Caring for crocheted and hand knitted items is as crucial as making them. These items are treasured heirlooms, and with proper care, last for many years. It is good to follow the care instructions that are printed on the yarn labels, or you may note them down for later use.  In fact, improper laundering and storage is the reason that the crocheted knits get damaged or ruined. The following tips can extend the knit’s life:

Storing Away

Firstly, any unused crocheted or knitted items should be stored in closed plastic bags so that it is free of dust and stays clean. Do not store them with other objects. Instead, store them with dried herbs such as sage and lavender or cedar balls, and enjoy the benefits of preventing pests. Essential oils also help repel moths. A few drops of lavender, rosemary, clove, cedarwood, sage or eucalyptus added to the knits will leave a pleasant fragrance and will help it stay fresh for a longer time.

Laundering Correctly

Laundering is essential for crocheted knit items. So, it is a must to check for laundering instruction on the yarn labels. There are washable yarns, and some include acrylics, cotton, and superwash wool that should be washed on the gentlest cycle when using a washing machine, in cold or warm water.  However, most wool items are hand washed in cold water as the washing machine agitation may harm the fibers. Laundry detergents are harsh on natural fibers.  It is best to choose a liquid soap or mild baby shampoo. Even using a detergent-free cleaner is recommended. However, some wool yarns are ideal for soaking or washing, but some can fade the yarn colors. Bear in mind to avoid chlorine bleach.

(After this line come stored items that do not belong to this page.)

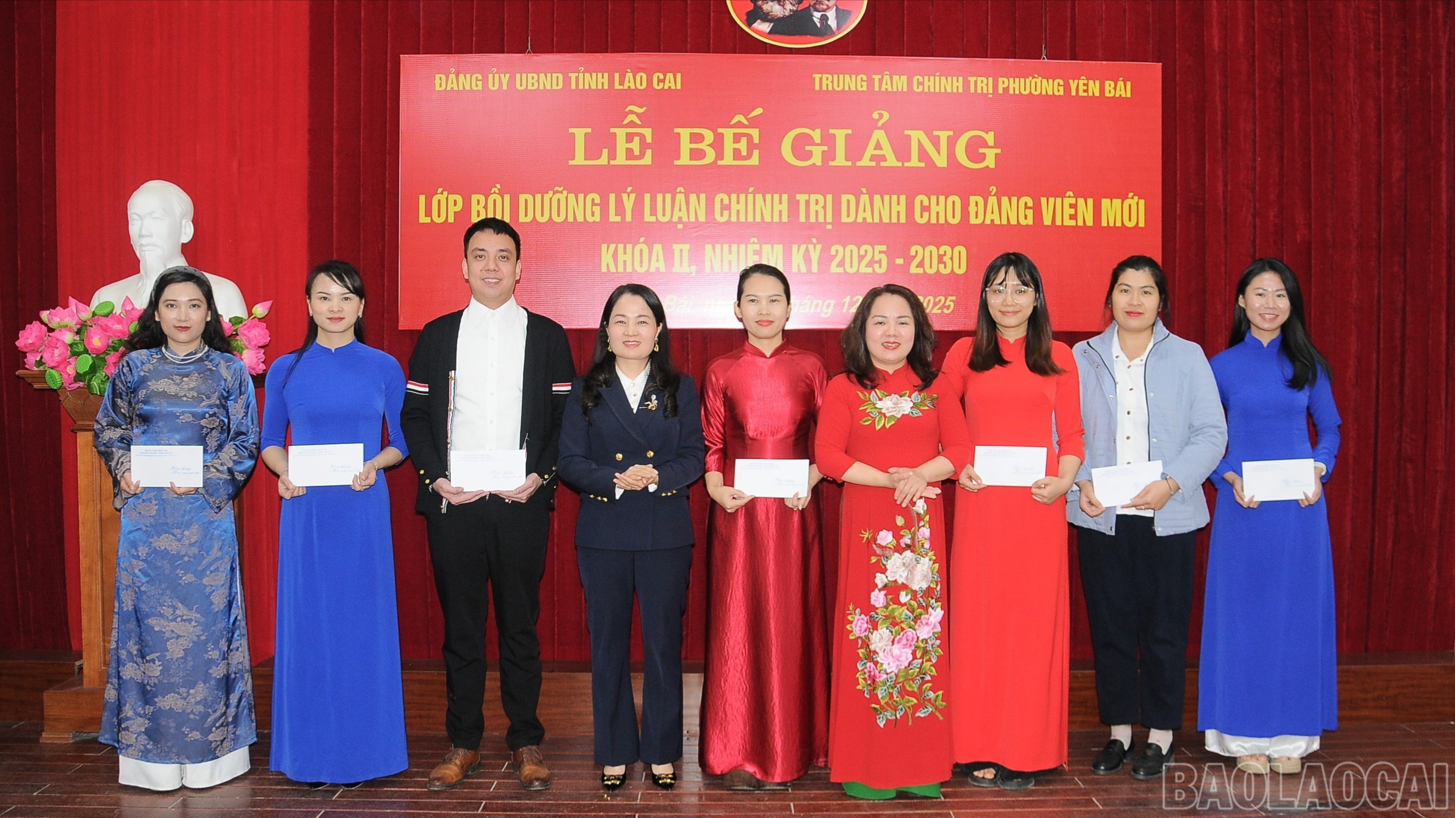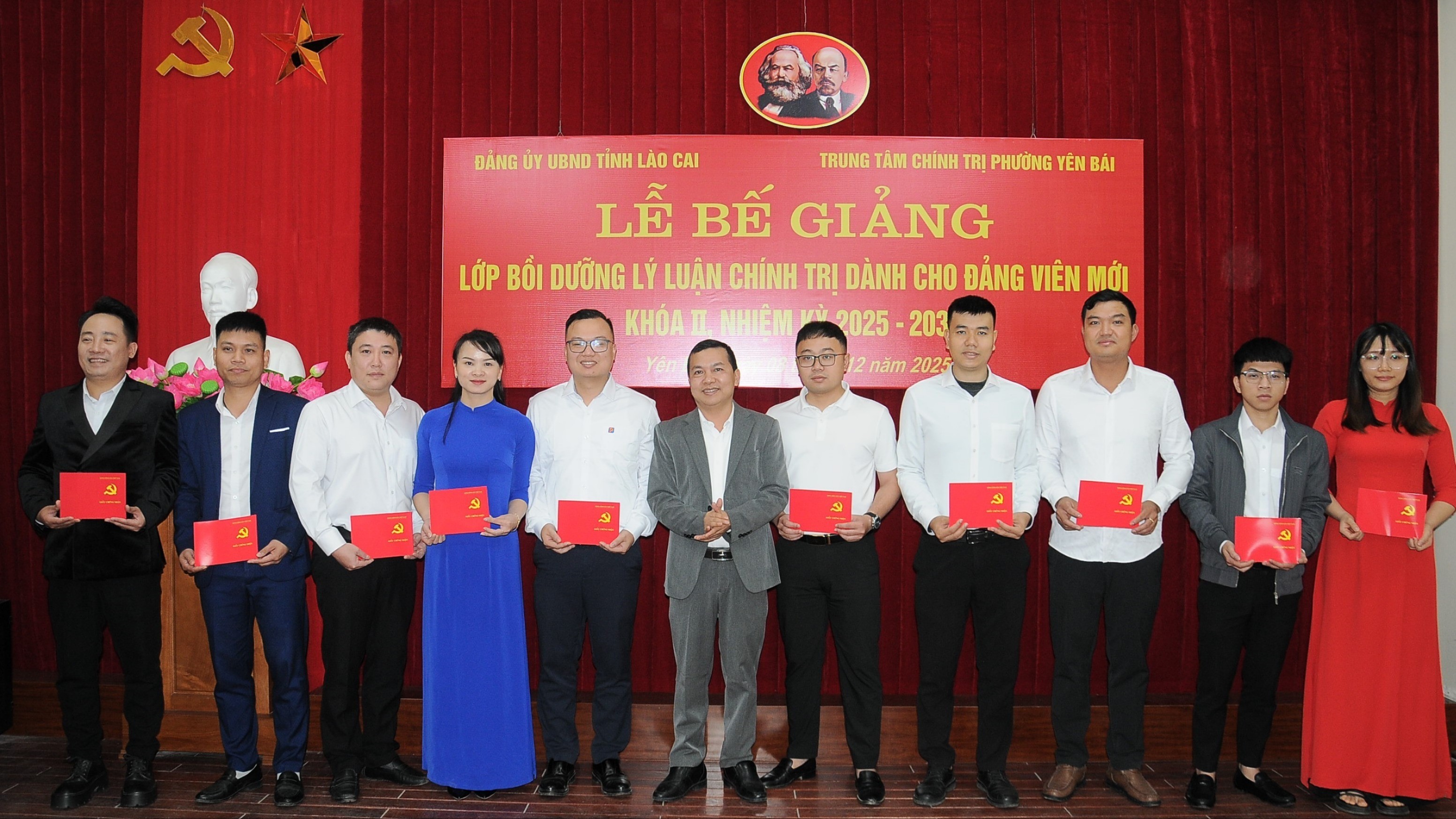 Lãnh đạo Đảng ủy UBND tỉnh và lãnh đạo Trung tâm Chính trị phường Yên Bái trao phần thưởng cho các học viên xuất sắc.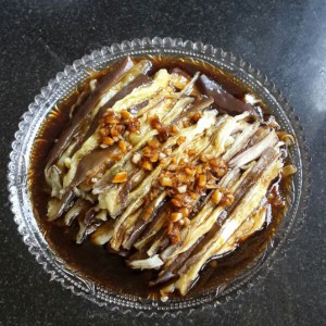 最后倒进刚撕成条的茄子里,放进冰箱冷冻五分钟口感更佳!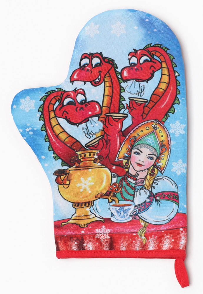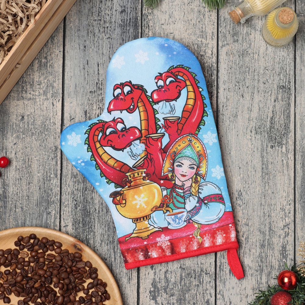 Варежка-прихватка «Чаепитие с драконом» — незаменимый аксессуар на любой кухне, который сделает процесс приготовления комфортным и безопасным: защитит нежные руки хозяюшки от ожогов, не «убежит» из поля зрения благодаря удобной петельке, станет настоящим украшением помещения.
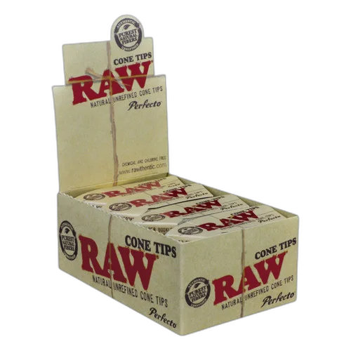 Perfecto Cone Tips (32ct) - Display of 24 — premium pre-rolls from RAW. Crafted with care for an even burn, smooth draw, and consistent experience. The easiest way to enjoy quality flower. Suggested retail: $3.00.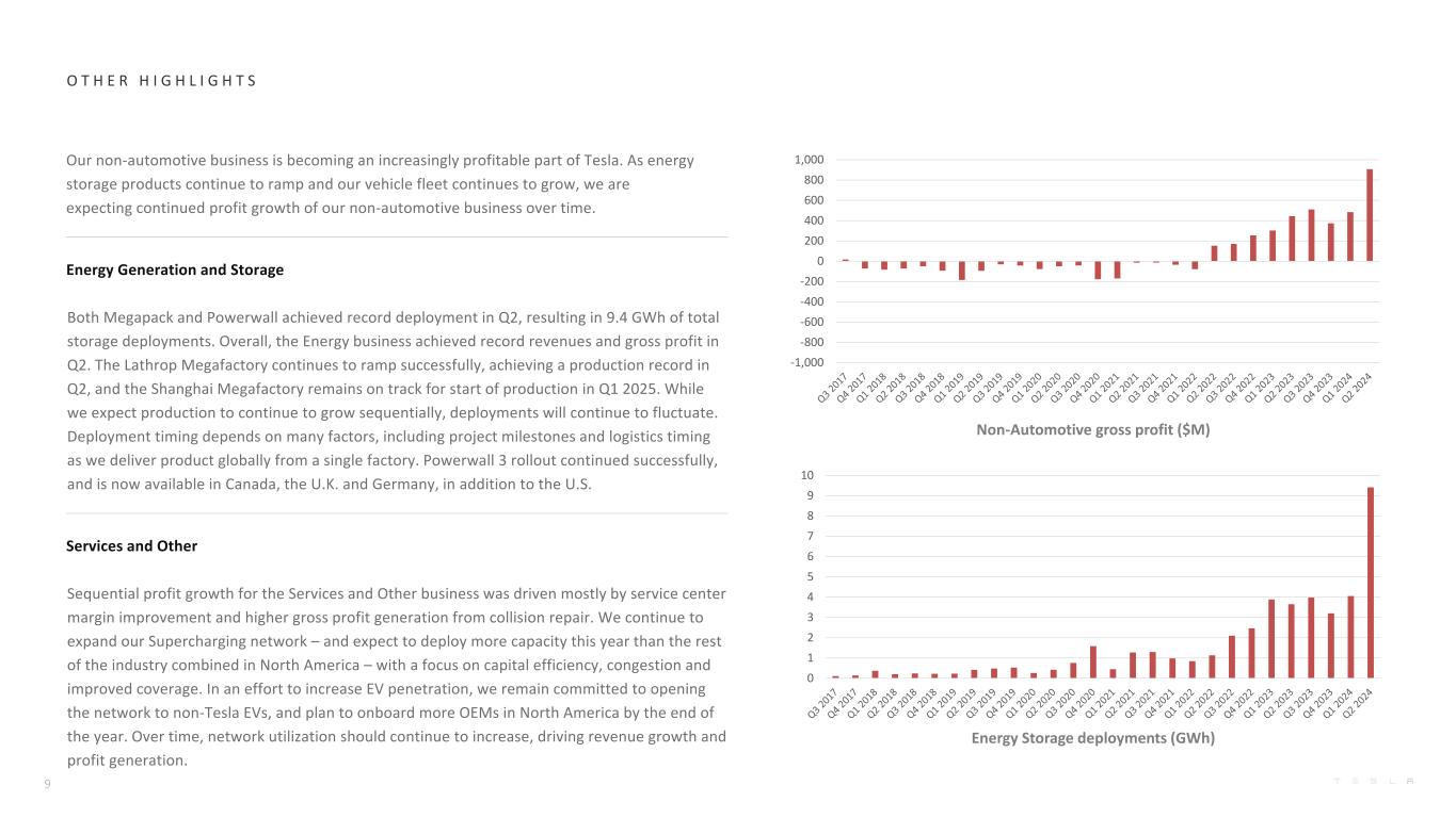 O T H E R H I G H L I G H T S储能部署(GWh)非汽车毛利润(百万美元)我们的非汽车业务正在成为特斯拉日益盈利的一部分。随着储能产品的不断增加和我们车队的不断增长,我们预计随着时间的推移,我们的非汽车业务的利润将持续增长。Energy Generation and Storage Megapack和PowerWall均在Q2实现了创纪录的部署,从而实现了9.4GWh的存储部署总量。总体而言,能源业务在Q2实现了创纪录的收入和毛利润。Lathrop超级工厂继续成功爬坡,在Q2实现了生产记录,上海超级工厂保持在2025年Q1开始生产的轨道上。虽然我们预计产量将继续环比增长,但部署将继续波动。部署时间取决于许多因素,包括项目里程碑和物流时间,因为我们从一家工厂向全球交付产品。Powerwall 3的推出继续取得成功,现已在加拿大、英国和德国推出,此外,美国服务和其他服务和其他业务的连续利润增长主要是由服务中心利润率改善和碰撞修复产生的更高毛利润推动的。我们继续扩大我们的超级充电网络——预计今年部署的容量将超过北美其他行业的总和——重点是资本效率、拥堵和改善覆盖范围。为了努力提高电动汽车渗透率,我们仍然致力于向非特斯拉电动汽车开放网络,并计划在年底前在北美加入更多的主机厂。随着时间的推移,网络利用率应该会继续提高,从而推动收入增长和利润产生。9 0 1 2 3 4 5 6 7 8 9 10 -1,000 -800 -600 -400 -200 0 200 400 600 800 1,000
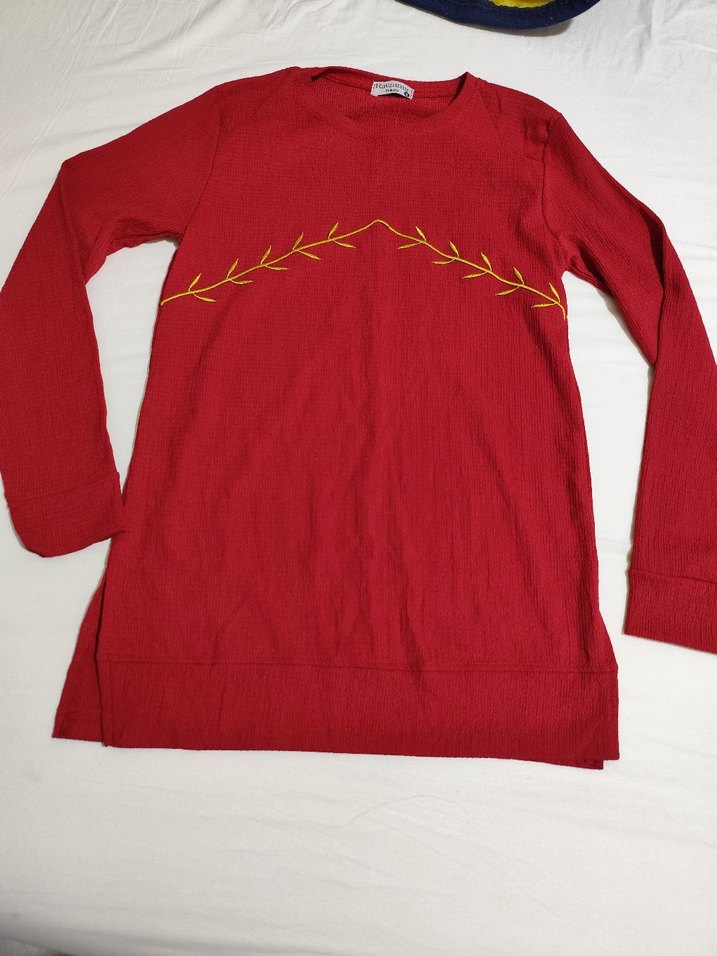Uzun kollu, yuvarlak yakalı ve bol kesim kadın kazak. Kırmızı örme kumaştan, renkli nakış detaylarıyla sade ve bohem tarzda, günlük kullanım için uygundur.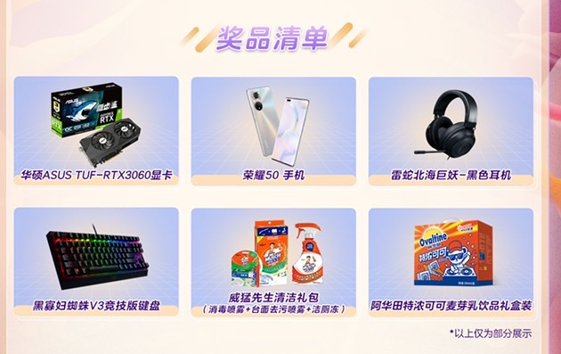 除了手机、外设、电脑这样的相对传统的常规福利操作,威猛先生、阿华田、T3出行等品牌合作也直击接玩家卫生防护、能量补给、交通出行等痛点问题!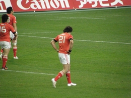 最後の最後、ヤマハ陣ほぼ正面、40メートル弱の距離で得たPG。ホーンが鳴ってたので、どうなるにせよ、ラストプレーです。思わず今日のピーターなら決めてくれる、勝った! と思ったんですが、残り3分でCTBジェーソン・カワウと交代して下がってたんでした。そこでキッカーには、CTB山本大介。去年まではいい日は神がかり的なキック能力を見せてくれてたんですが、今年は正直キックは不調です。それがいきなりこんな大事なキックで大丈夫かと心配しながら見てたんですが、ダメでした……。

Using specialty detergents containing lanolin is good; it helps condition wool fibers, increases water resistance, and decrease static. However, after washing, rinse in cold water. There is no need to twist or wring out. You may dry it by rolling it in a towel for a few minutes. Unrolling the towel will give you fresh knits. Gently reshape them, smooth the wrinkles, if any, and leave it to air dry. Do not hang a knitted item to dry as it may stretch when wet. If you are unaware of the yarn type used, you can always get them dry-cleaned.

An example of a dry cleaning tag, photographed in St. Petersburg, Fla., on Friday, June 1, 2018. Chris Zuppa/The Penny Hoarder

Know the Symbols on the Label

The standard symbols on the yarn labels or even on the websites are:

  • Do not use bleach
  • Machine washable at 30°C maximum on delicate or wool program.
  • Avoid using fabric softener for crocheted knits.
  • Handwash in luke-warm water. Carefully, wash and rinse as per the recommended temperature.
  • Remove the excess water by squeezing and not wringing. Wrap the garment in a soft towel.
  • Keep low temperature for machine dry or spin dry.
  • Do not steam or iron.
  • Iron at low temperatures
  • Dry flat, away from heat and light.

Caring for your creations is a must.  In case, you are giving the knit away as a gift, make your own care tag and attach, so the recipient will know how to take care of it. If you have used buttons in your work, attach an extra button on the inside, it will be useful as a replacement.